Fixation rates can easily be modeled as well to see how long it takes for a gene to become fixed with varying population sizes and generations. For example, The Biology Project Genetic Drift Simulation allows to model genetic drift and see how quickly the gene for worm color goes to fixation in terms of generations for different population sizes.

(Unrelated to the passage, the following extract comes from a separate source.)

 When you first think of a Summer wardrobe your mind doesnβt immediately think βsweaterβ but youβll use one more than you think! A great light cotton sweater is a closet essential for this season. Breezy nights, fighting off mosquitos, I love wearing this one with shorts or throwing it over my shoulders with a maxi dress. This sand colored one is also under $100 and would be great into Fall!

Additionally, fixation rates can be modeled using coalescent trees. A coalescent tree traces the descent of alleles of a gene in a population. It aims to trace back to a single ancestral copy called the most recent common ancestor.

==Examples in research==
In 1969, Schwartz at Indiana University was able to artificially induce gene fixation into maize, by subjecting samples to suboptimal conditions. Schwartz located a mutation in a gene called Adh1, which when homozygous causes maize to be unable to produce alcohol dehydrogenase. Schwartz then subjected seeds, with both normal alcohol dehydrogenase activity and no activity, to flooding conditions and observed whether the seeds were able to germinate or not. He found that when subjected to flooding, only seeds with alcohol dehydrogenase activity germinated. This ultimately caused gene fixation of the Adh1 wild type allele. The Adh1 mutation was lost in the experimented population.

In 2014, Lee, Langley, and Begun conducted another research study related to gene fixation. They focused on Drosophila melanogaster population data and the effects of genetic hitchhiking caused by selective sweeps. Genetic hitchhiking occurs when one allele is strongly selected for and driven to fixation. This causes the surrounding areas to also be driven to fixation, even though they are not being selected for. By looking at the Drosophila melanogaster population data, Lee et al. found a reduced amount of heterogeneity within 25 base pairs of focal substitutions. They accredit this to small-scale hitchhiking effects. They also found that neighboring fixations that changed amino acid polarities while maintaining the overall polarity of a protein were under stronger selection pressures. Additionally, they found that substitutions in slowly evolving genes were associated with stronger genetic hitchhiking effects.